Work order: Pull out every line from the line containing "LOT, (1) HAMILTON" through the end of the material, both ends included, and reproduce it exactly. Keep pictures out.

Data for analysis:
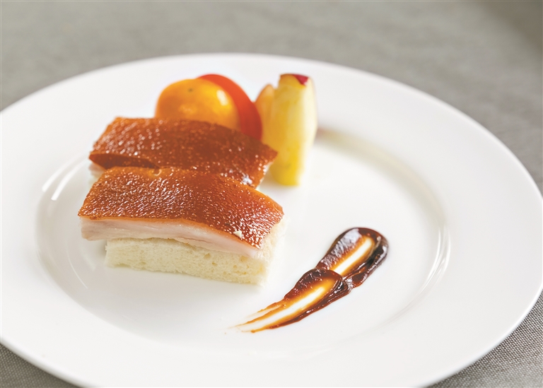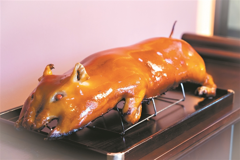 刚烧制出炉的乳猪皮色呈焦糖红色,寓意红皮赤壮,身体健康。黄钊成介绍,“正所谓金猪一开,好事连连,所以第一刀很重要,乳猪的头寓意‘鸿运当头’;乳猪主体部分会切成四列,每列八块,寓意‘四平八稳’;摆盘造型形似阶梯,寓意‘步步高升’,吃的时候蘸取少许猪酱、白砂糖,这些味料与乳猪肉的鲜美相得益彰,丰富了味觉层次。”
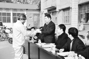 11月14日,川汇区举行文昌大道安置B、D区建设群众监督员聘书颁发仪式,区委副书记、宣传部长田庆杰向10名群众监督员颁发聘书,请他们对安置B、D区工程建设进度与质量随时进行监督,确保拆迁户尽快住上放心房。
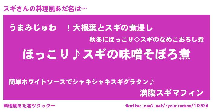 | 2回繰り返すあだ名 | 『スギスギ』『ススギギ』『ぬめぬめ』 |
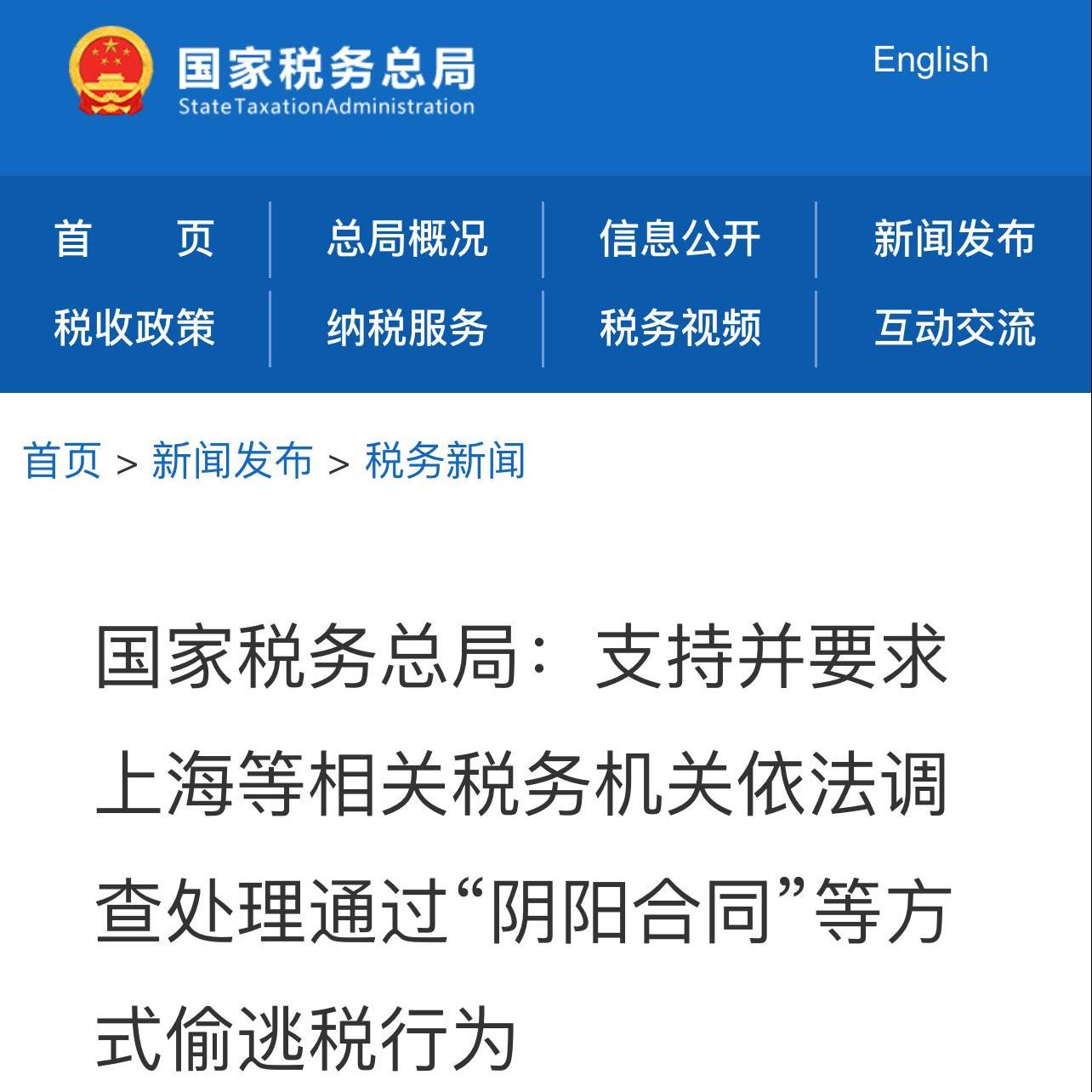 4月30日,国家税务总局表示,对群众举报的郑爽涉嫌偷逃税问题高度重视,已要求上海等相关税务机关对通过“阴阳合同”等方式涉嫌偷逃税行为依法依规进行严肃查处。
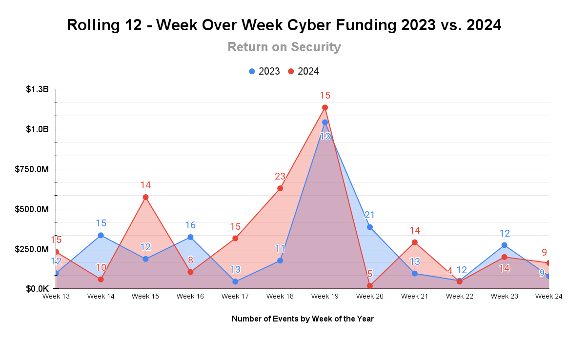 This is a rolling 12-week chart comparing funding and acquisitions each week in a year-over-year (YoY) view between 2023 and 2024.
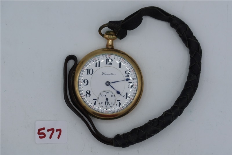 LOT, (1) HAMILTON YELLOW METAL POCKET WATCH WITH LEATHER BRAID
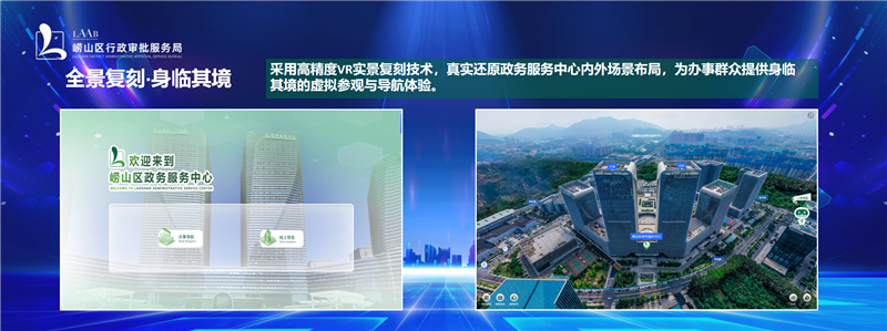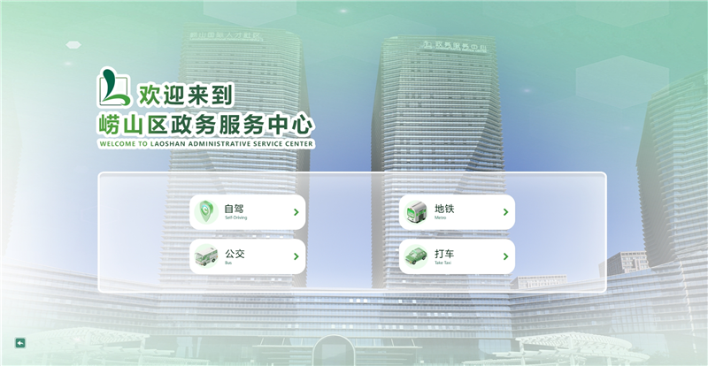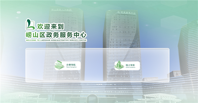 据了解,“虚拟大厅”集成全景式导办、数字播报、场景漫游、路线指引、政务资讯、政务问答等多项功能于一体,主要分为办事导航和线上导览两个版块,通过实景复刻技术,真实还原崂山区政务服务中心内外场景布局,为群众提供身临其境的虚拟参观与导航体验。“虚拟大厅”支持移动手机端及PC电脑端访问,群众可通过“崂山政务服务”微信公众号,或者扫描“虚拟大厅”二维码即可随时随地体验沉浸式贴心服务。
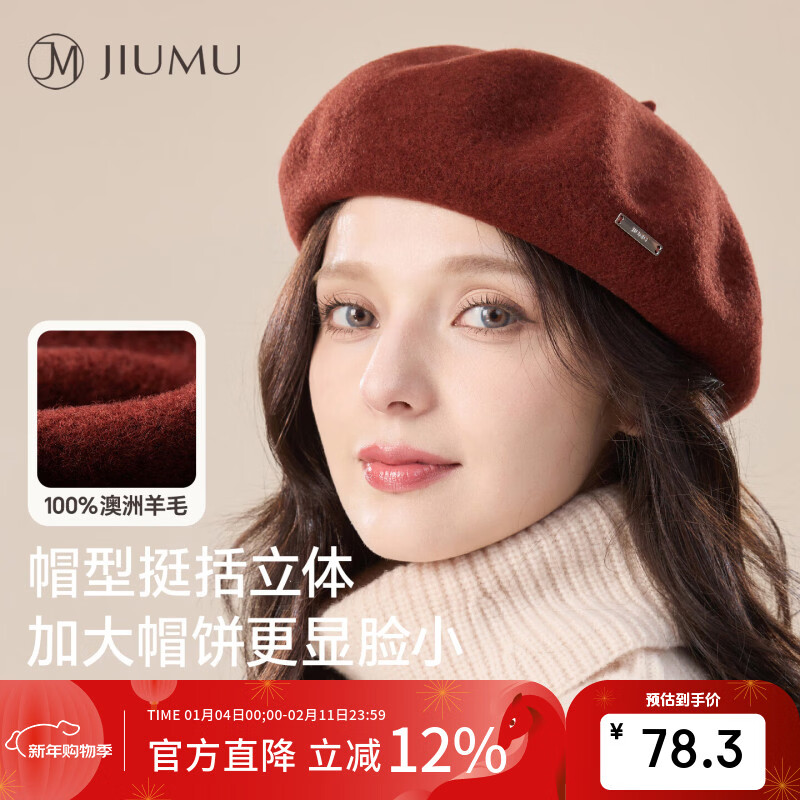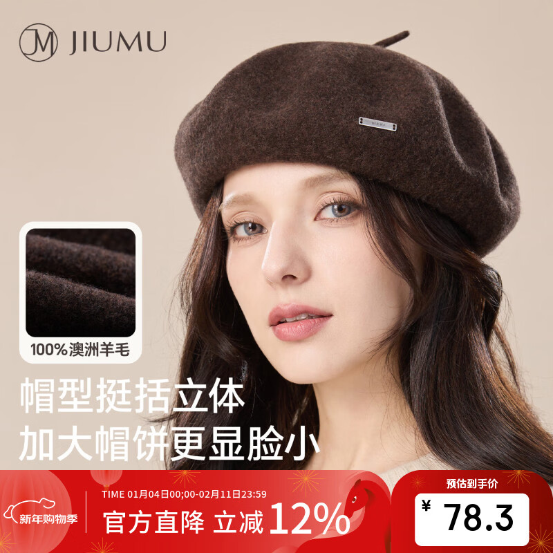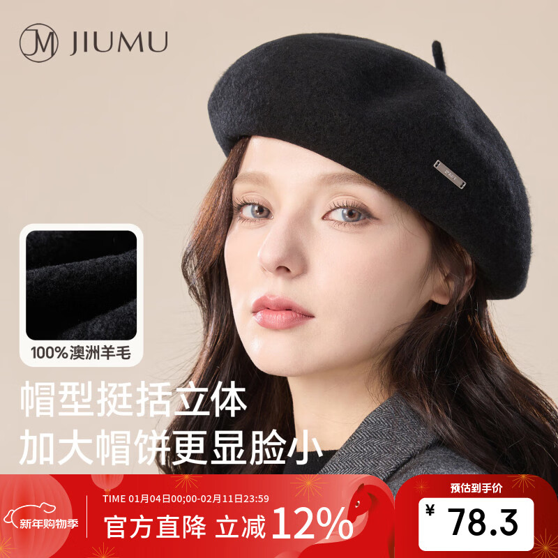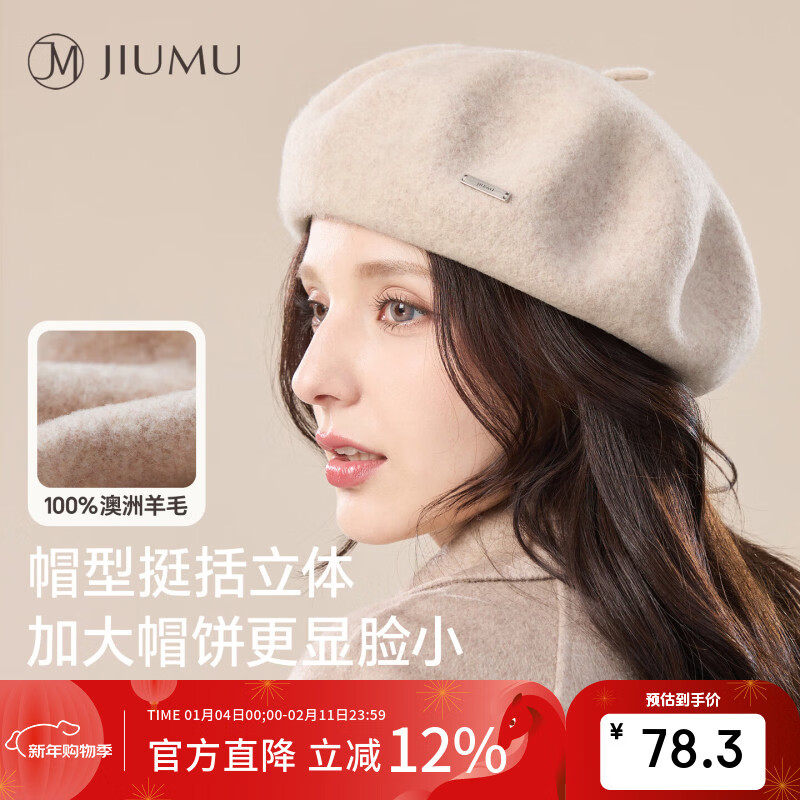 玖慕(JIUMU)纯羊毛贝雷帽秋冬季保暖毛呢画家帽日系英伦复古经典百搭帽子女
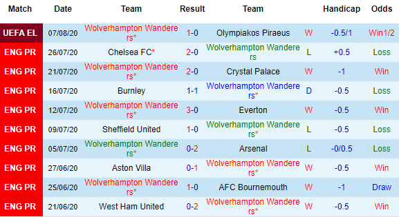 10 trận gần nhất của Wolves
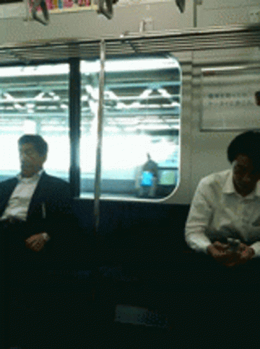 Two men riding a subway train in Japan, one in a suit and the other in a white shirt.
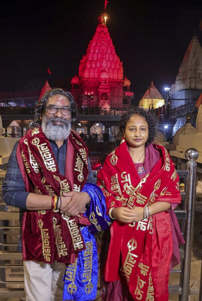 रांची : मुख्यमंत्री हेमंत सोरेन ने सोमवार को उज्जैन स्थित महाकालेश्वर मंदिर में पत्नी कल्पना सोरेन के साथ पूजा-अर्चना की और राज्य के सुख और समृद्धि की कामना की. सीएम ने सोशल मीडिया पर तस्वीर पोस्ट कर लिखा : आदि हैं, अनंत हैं, कालों के काल हैं. शिव हैं, शक्ति हैं, वो महाकाल हैं. जय श्री मृत्युंजय महाकाल! जय बाबा महाकाल! हर हर महादेव!
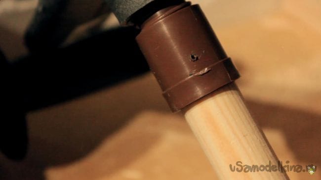 Скругляем внутренние края получившегося отверстия при помощи углошлифовальной машинки, это поможет предотвратить чрезмерную фиксацию швабры, дабы не повредить ее черенок.
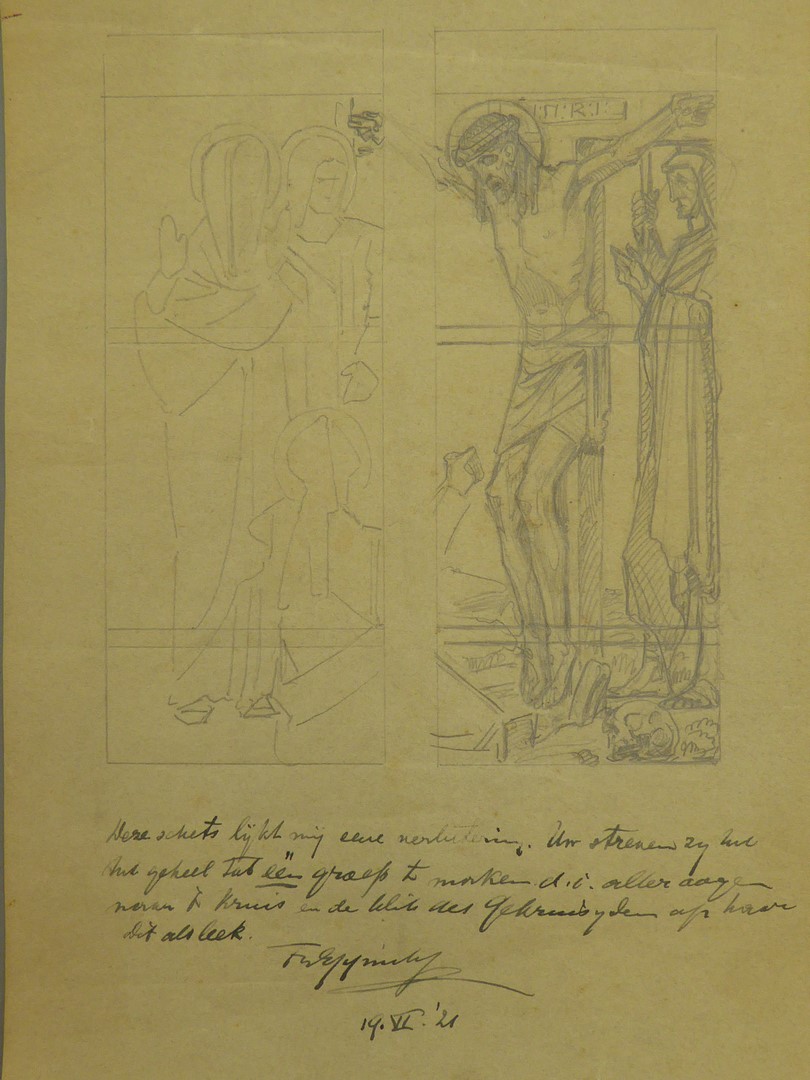 Schetsontwerp glasraam met Calvarie (Groningen, St. Josephkerk), met handschrift van pastoor Franciscus Eppink

Solved problem:
 LOT, (1) HAMILTON YELLOW METAL POCKET WATCH WITH LEATHER BRAID
 据了解,“虚拟大厅”集成全景式导办、数字播报、场景漫游、路线指引、政务资讯、政务问答等多项功能于一体,主要分为办事导航和线上导览两个版块,通过实景复刻技术,真实还原崂山区政务服务中心内外场景布局,为群众提供身临其境的虚拟参观与导航体验。“虚拟大厅”支持移动手机端及PC电脑端访问,群众可通过“崂山政务服务”微信公众号,或者扫描“虚拟大厅”二维码即可随时随地体验沉浸式贴心服务。
 玖慕(JIUMU)纯羊毛贝雷帽秋冬季保暖毛呢画家帽日系英伦复古经典百搭帽子女
 10 trận gần nhất của Wolves
 Two men riding a subway train in Japan, one in a suit and the other in a white shirt.
 रांची : मुख्यमंत्री हेमंत सोरेन ने सोमवार को उज्जैन स्थित महाकालेश्वर मंदिर में पत्नी कल्पना सोरेन के साथ पूजा-अर्चना की और राज्य के सुख और समृद्धि की कामना की. सीएम ने सोशल मीडिया पर तस्वीर पोस्ट कर लिखा : आदि हैं, अनंत हैं, कालों के काल हैं. शिव हैं, शक्ति हैं, वो महाकाल हैं. जय श्री मृत्युंजय महाकाल! जय बाबा महाकाल! हर हर महादेव!
 Скругляем внутренние края получившегося отверстия при помощи углошлифовальной машинки, это поможет предотвратить чрезмерную фиксацию швабры, дабы не повредить ее черенок.
 Schetsontwerp glasraam met Calvarie (Groningen, St. Josephkerk), met handschrift van pastoor Franciscus Eppink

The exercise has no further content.